3. Against this decree of the first Court the defendant preferred an appeal, and the plaintiffs a cross-appeal. The Lower Appellate Court has dismissed the plaintiffs' cross-appeal, holding that they have failed to make out their title to 1 3/4 cottahs in regard to which their claim had been disallowed by the first Court, and it has decreed the defendant's appeal on the sole ground that the notice is bad in law, that is to say, bad because it includes some land which the defendant is found not to hold under the plaintiffs.
4. In second appeal it is contended for the plaintiffs-appellants that the decision of the Lower Appellate Court, so far as it decreed the defendant's appeal, is wrong in law, and that the notice, notwithstanding the defect found in it, was not so bad as to disentitle the plaintiffs to maintain a suit in ejectment upon the basis thereof.
5. We are of opinion that the plaintiffs' contention is sound. The notice requires the defendant to give up possession of 1 bigha and 5 chittacks of homestead land with tank, situate in the Bazar of Diamond Harbour, Pergunnah Mooragacha, Zillah 24-Pergunnahs, held under the plaintiffs as tenant-at-will.
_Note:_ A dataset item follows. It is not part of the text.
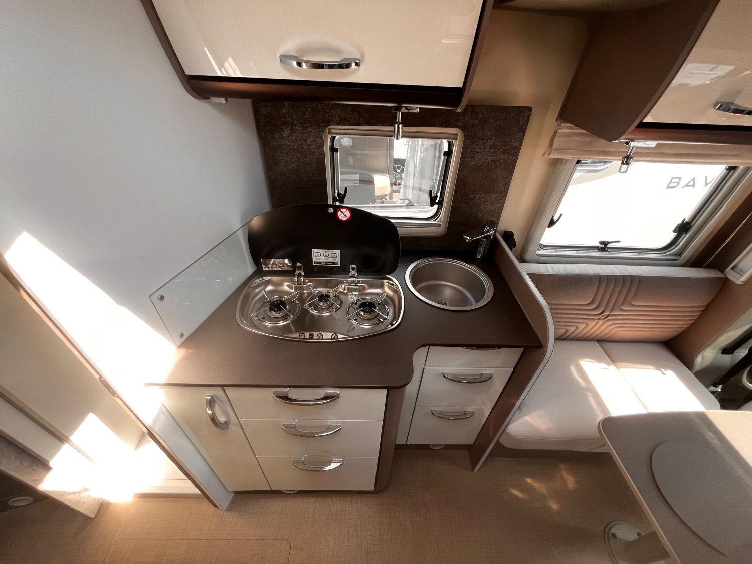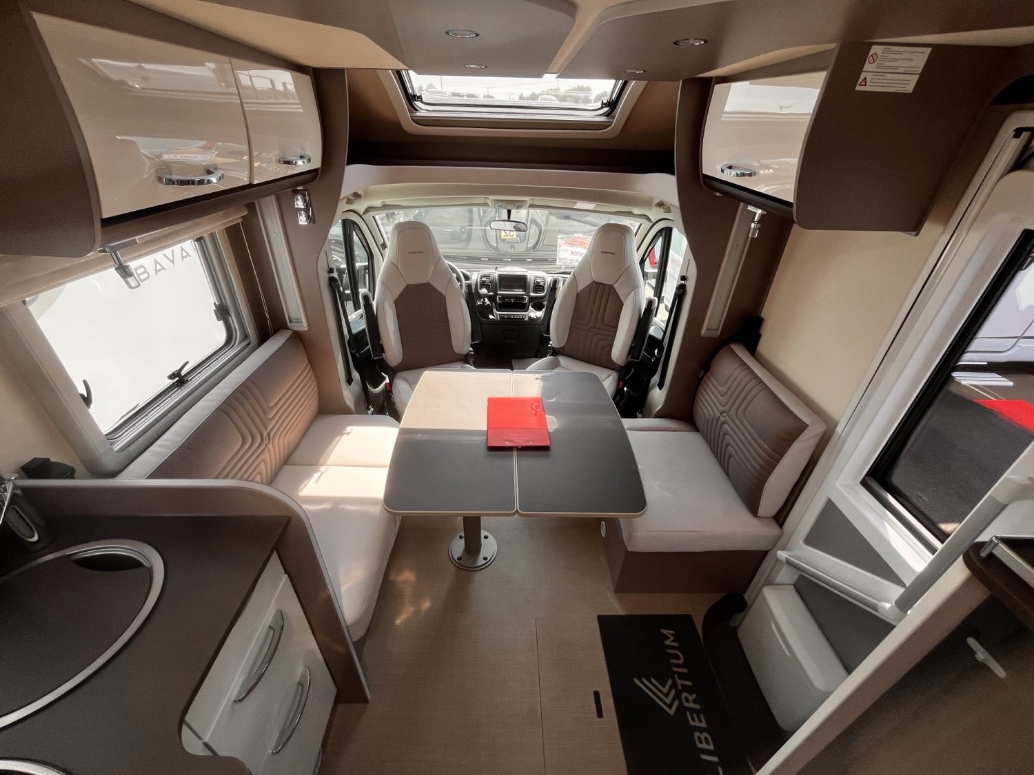 Sièges cabine pivotants, Stores plissés occultants cabine, VOLET ROULANT REMIS, Rétroviseurs électriques et dégivrants, Assistance freinage post-collision, Climatisation manuelle en cabine, Coussin additionnel grand couchage arrière, Lève-vitres électriques et verrouillage centralisé, Plaque de cuisson 3 feux, Régulateur de vitesse, Réservoir diesel 75 litres, SKYROOF, PORTE GARAGE SUPL. GAUCHE, Double plancher technique isolé et chauffé - Thermofloor, ABS (système antiblocage des roues), Grandes trappes de rangement intégrées dans le double planch, ASR (Système anti-patinage), Dimension lit jumeau 205*155+205*135, ESP (Contrôle électronique de trajectoire)

The notice does not set out the boundaries of the land. The only defect that has been found in the notice is that, whereas it states the area of the defendant's holding to be 1 bigha and 5 chittacks, the true area is 1 3/4 cottahs less. And the question is, whether that is a defect in the notice sufficient to justify our holding that the notice is bad in law. Considering that the error is only one in relation to the area, and is a very small error, and considering that the defendant never took any objection that he was misled by reason of this defect in the notice, we think it would be wrong to hold that a defect like this is sufficient to vitiate the notice. To bold that any trifling error in the statement of the area vitiates a notice to quit, would be to throw an unnecessary difficulty in the way of parties seeking ejectment upon service of notice, and to require them to measure their lands and to set out the areas with a degree of accuracy which the ordinary purposes of life do not render it necessary for them to observe. As was remarked by Mr. Justice Patteson in Doe d. Williams v. Smith (1836) 5 A. and E. 350 it is not required that a notice should be worded with the accuracy of a plea. The view we take is supported also by the eases of Doe d. Cox 1(1803) 4 Esp. 185; 6 Revised Rep., 850] and Doe, Lessee of Rodd v. Archer (1811) 14 East. 245; 12 Revised Rep. 509.
6. The judgment of the Lower Appellate Court is, upon the question of the validity of the notice, therefore, in our opinion, wrong in law, and must be set aside, and the case sent back to that Court in order that the other questions raised in the appeal of the defendant before that Court may be disposed of. Costs will abide the result.